As part of its Midnight Moment program, which features "cutting-edge creative content" every night from 11:57 p.m. until midnight, the Times Square Alliance is presenting a Midnight Moment-edition of artist/dog whisperer Laurie Anderson's documentary Heart of a Dog this month. Tomorrow night, Monday, January 4th, Anderson will be on hand for a special live performance for canines and humans alike.
According to a press release: "This unique performance by Laurie Anderson will be transmitted to 'silent disco' headphones for humans and low-decibel speakers for dogs. Headphone distribution will start at 11:00 pm (first-come, first-served) and the public is encouraged to bring their own dogs. The performance will begin at 11:30 pm."

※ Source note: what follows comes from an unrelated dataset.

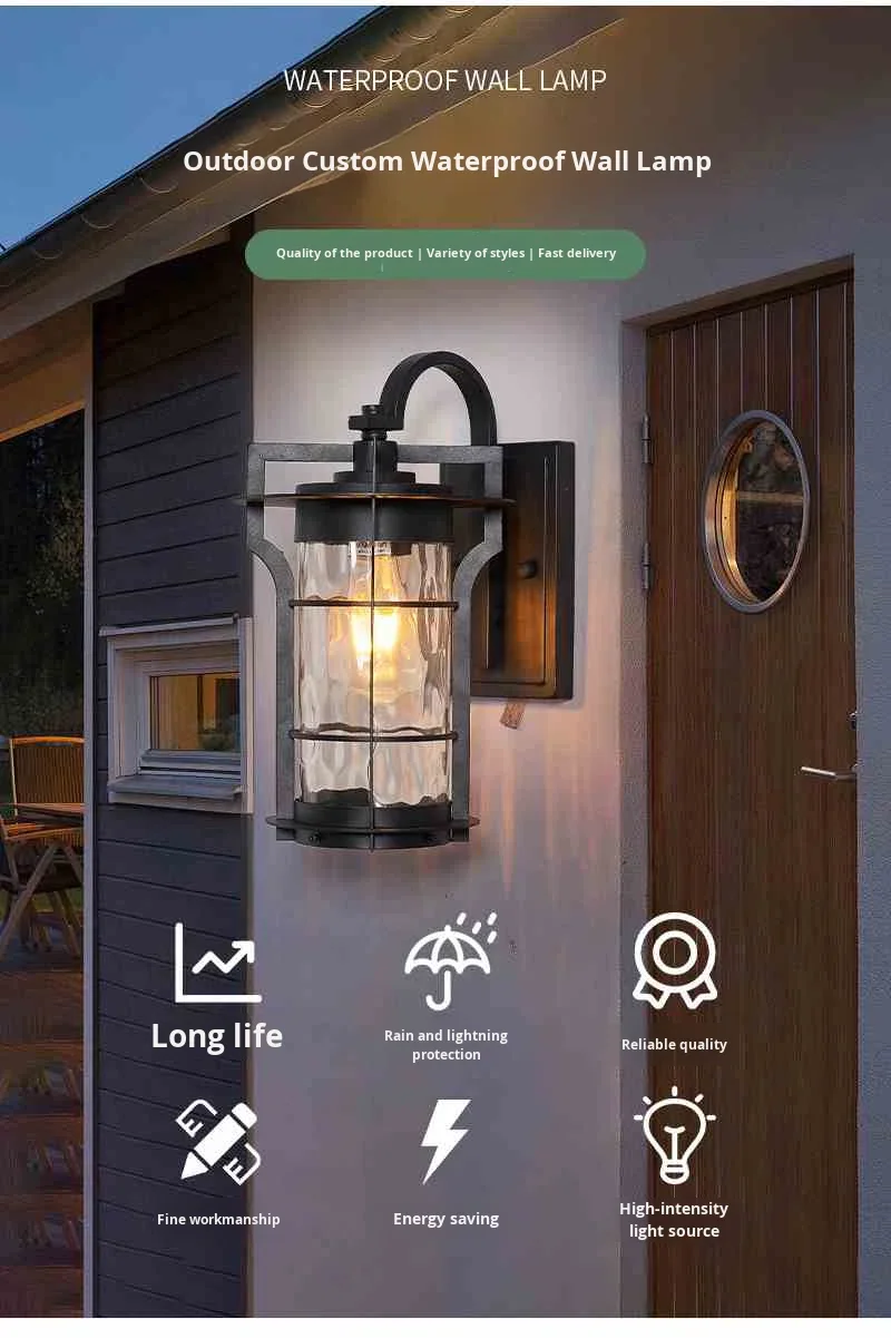 Lampu Dinding Luar Ruangan Gaya Pedesaan Amerika & Eropa, Tahan Air, Aluminium, LED Dapat Diredupkan, untuk Taman, Halaman, Balkon

Heart of a Dog is a collection of stories about dogs, time, family, love, memory and death. In the middle of the film there is a sequence from “The Tibetan Book of the Dead” that describes the transition of energy and consciousness at the time of death. In this portion of the film, which is the section that will be shown in Times Square, Anderson creates a visual song, filled with a wild collage of images. The video changes point of view frequently, shifting from a dog’s eye view to the lens of a surveillance camera to free floating pictures that move through your mind in dreams and memories.

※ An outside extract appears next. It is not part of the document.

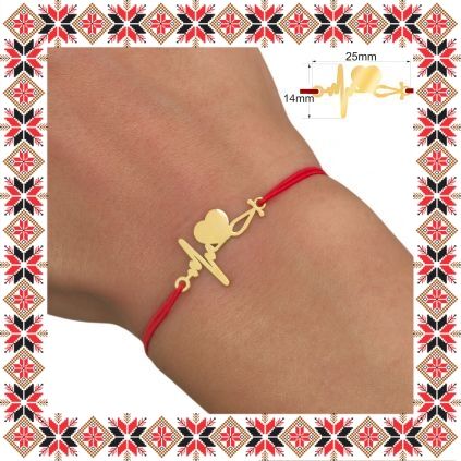 Martisor bratara cu pandantiv in forma de stetoscop cu ritm cardiac si inima pentru cadre medicale. Pandantiv realizat din inox acoperit PVD cu aur de 18K personalizat cu initiala V. Daruieste martisoare deosebite, personalizate special pentru oamenii pe care ii iubesti, pe care ii admiri, celor carora vrei sa le multumesti si celor carora vrei sa le daruiesti un gand bun odata cu venirea primaverii! Opteaza pentru un martisor realizat din otel inoxidabil pentru ca primitoarea sa il poata purta tot anul.

Dozens of advertisers in Times Square devote their billboards to showing the Midnight Moment.
Anderson said, "I love Times Square. It’s a dream. Desire, speed, the explosions of color, patterns and energy. What a great way to start the New Year! The ball drops and “Heart of a Dog” leaps onto all those massive screens at three minutes to midnight. Who could have predicted the unraveling dreams of my dog would be magnified up there like this? And sound too!"
Besides Anderson, NYPD K-9 handlers and the K-9 dogs themselves will attend tomorrow night's event.
A European TV network commissioned Anderson to make a film, and she created Heart of a Dog. The movie screened at the New York Film Festival and is on the short-list for Oscar feature documentaries.
NY Times film critic Manohla Dargis praised the movie, writing that it's:
partly a meditation on loss and love that begins with the death of [Anderson's] mother and moves on to include the deaths of Ms. Anderson’s talented and tuneful rat terrier, Lolabelle; her friend, the brilliant artist Gordon Matta-Clark (1943-1978); and her husband, Lou Reed. Mr. Reed, who died in 2013, hovers over 'Heart of a Dog,' his face surfacing intermittently and fleetingly, wavering into visibility like an image that’s caught behind glass or reflected in a mirror, a distancing that suggests that he is present and not present at the same time. (One of his most moving appearances occurs during the final credits.) 'Every love story is a ghost story,' Ms. Anderson says at one point, quoting David Foster Wallace, yet another lingering spirit.
Times Square Alliance President Tim Tompkins explained, "Laurie’s film brings our collected memories into the New Year through a layered and dense moving photo album of our minds."